• _What needs to be done_: Go through the listing below and repeat it exactly, omitting each picture.

• _Data excerpt_:
[Start of Attachment]
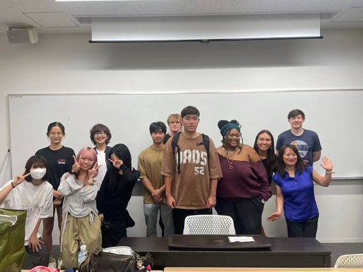 「エモい」「ガチ勢」「チルい」などの⽇本語のスラングを紹介すると、テンプル⼤学の学⽣たちは驚きと笑いの連続!逆に、彼らの国の流⾏語を教えてもらい、⾔葉の⾯⽩さや⽂化の違いを実感しました!
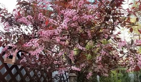 - Черемуха обыкновенная 'Colorata' (Prunus padus 'Colorata'): вырастает до 3–5 метров. Ярко-розовые цветы источают изысканный миндальный аромат. Листья в молодом состоянии пурпурные, летом становятся бронзово-зелеными, а осенью – краснеют. Этот сорт хорошо переносит обрезку.
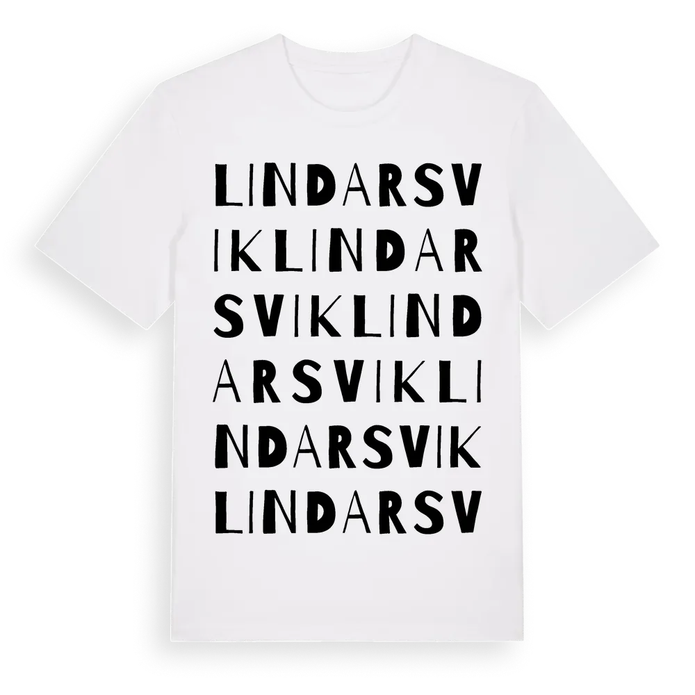 Lindarsvik ordlek t-shirt är inspirerad av Lindarsvik i Uppsala län, Sverige. Tröjan är designad för dig som har en speciell koppling till platsen – oavsett om du bor här, har rötterna här eller bara älskar Lindarsvik.
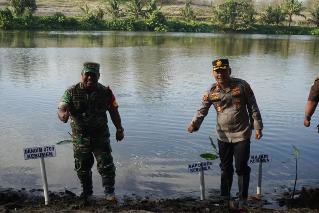 Dandim dan Kapolres Kebumen Tanam Mangrove di Pesisir Mirit
[End of Attachment]
• _Completed task_:
 「エモい」「ガチ勢」「チルい」などの⽇本語のスラングを紹介すると、テンプル⼤学の学⽣たちは驚きと笑いの連続!逆に、彼らの国の流⾏語を教えてもらい、⾔葉の⾯⽩さや⽂化の違いを実感しました!
 - Черемуха обыкновенная 'Colorata' (Prunus padus 'Colorata'): вырастает до 3–5 метров. Ярко-розовые цветы источают изысканный миндальный аромат. Листья в молодом состоянии пурпурные, летом становятся бронзово-зелеными, а осенью – краснеют. Этот сорт хорошо переносит обрезку.
 Lindarsvik ordlek t-shirt är inspirerad av Lindarsvik i Uppsala län, Sverige. Tröjan är designad för dig som har en speciell koppling till platsen – oavsett om du bor här, har rötterna här eller bara älskar Lindarsvik.
 Dandim dan Kapolres Kebumen Tanam Mangrove di Pesisir Mirit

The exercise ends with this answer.